A minute later, Lizzie bounced back inside, laughing, her short blonde hair wild and her nose red from the cold.

‘Oh. My. God.’

Julia was at the kitchen sink, refilling it with hot water and suds. ‘Oh my God what?’

Lizzie skipped over to the kitchen bench and leaned right cross it. ‘Did you see that?’

‘See what?’

‘The way he was looking at you just now.’

Julia harrumphed. ‘I saw him looking at me all right. More like looking down his nose at me. I mean, what am I wearing?’

Lizzie took in Julia’s outfit with fresh eyes and laughed. ‘I don’t think those gloves go with those shoes.’

Julia looked down at her green rubber gloves and her mother’s bright pink runners and joined in.

‘Oh, why do I give two shits if he looks down his perfect nose at me? It’s not the first time I’ve been cross-examined visually by people like him.’

‘I don’t think it was cross-examination. He was figuring out ways to get you out of those rubber gloves and daggy clothes.’

Julia scooped up a palm full of soapy water and flicked it at Lizzie, who squealed.

‘Stop it. We were standing by the rubbish bin, not by a bar, for God’s sake.’

‘Just sayin’.’ Lizzie grinned, studied her fingernails with raised eyebrows and a grin.

By mid afternoon Lizzie had left to go to work at the pub and Julia had scrubbed herself into near hysteria. She had to get out, stretch her legs and breathe the sea air. She strangely needed to get a little bit of Middle Point back inside her, pumping through her veins, grounding her to this juncture in her life. It seemed a safe time to head across the road and over the dunes to the sand, seeing as the Handsome Jerk clearly sprang out of bed at the crack of dawn for his exercise. She could walk the beach unseen and unnoticed, which was exactly what she needed.

The beach was blustery and bleak, with great grey clouds hovering low,
threatening rain in the distance. It was so windy even the seagulls seemed reluctant to fly, huddled instead in clumps on the beach, their feathers fluffing in the force of the wind. The tide was high, leaving only a few metres of sand between the waves and the dunes, and Julia stepped up her stride, stomping over the clumps of seaweed and seagrass, dodging the remains of dead fish and driftwood with a physical resolve as well as an emotional one.
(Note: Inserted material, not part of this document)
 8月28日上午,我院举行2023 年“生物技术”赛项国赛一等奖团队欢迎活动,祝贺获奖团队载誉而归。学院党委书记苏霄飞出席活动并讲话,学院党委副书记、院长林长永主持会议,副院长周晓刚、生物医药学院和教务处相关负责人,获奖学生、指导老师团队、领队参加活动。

Although Middle Point had grown and changed so much that it was almost unrecognisable, the beach — her beach — was still the same. And thank God for that, she thought. The dunes, covered with green and grey coastal shrubs, hunkered low and tight against the wind and the waves and, in the distance, a few hundred metres up the beach, the rocks of Middle Point sat scattered in the shallows where the coastline jutted into the ocean. The waves had never stopped crashing onto the outcrop, continued ceaselessly today as they had forever. The wind had never stopped blowing, so fiercely in winter that trees stood tall at odd angles, never growing fully upright, leaning like Towers of Pisa away from the blustery weather. The gulls still flew, the sand still felt like quicksand if you stepped too close to the water’s edge, and the Point, as still and solid as a sentinel, continued to watch over everyone and everything.
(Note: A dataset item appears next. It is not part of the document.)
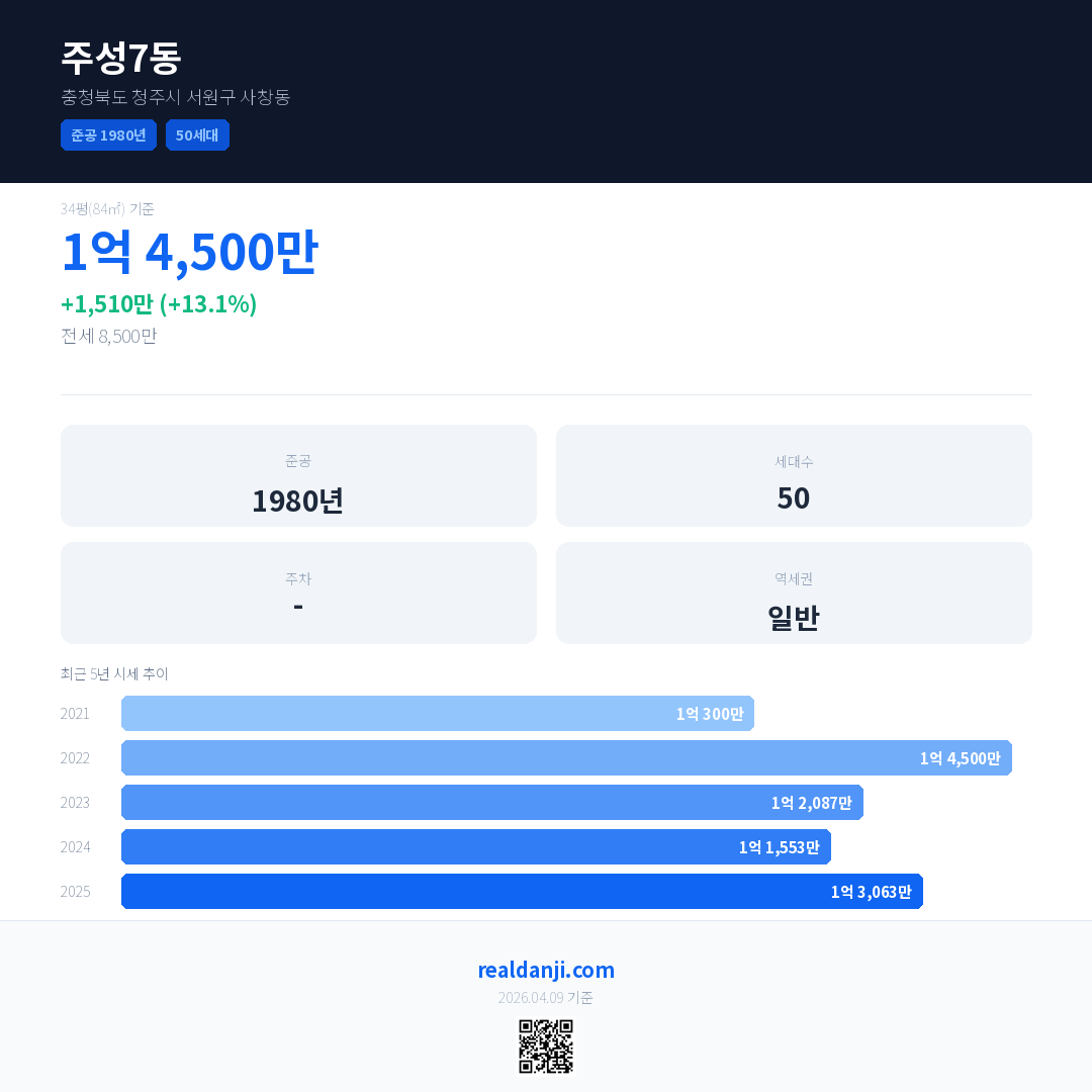 주성7동 국민평형 기준 2025년 평균 거래가는 1억 3,063만으로, 전년 대비 13.1% 상승 했습니다.

Something shifted in her heart when she took it all in. She would soon be saying her final goodbyes to it all. Would this be the last time she walked the beach of Middle Point, looked up to that sky, stared at the waves which receded and became part of the Great Southern Ocean? If it was, it would mean she’d never see another summer either, never feel those one-in-a-million days when the sand melted your feet and the sun shone so brightly on the shallows that the water looked like liquid mercury, blindingly bright. Days when the waves were filled with people and the beach hummed with life and music and beach cricket and families and summer, surfers and bodyboarders, retirees walking their dogs in the sunshine, holidaymakers and young lovers.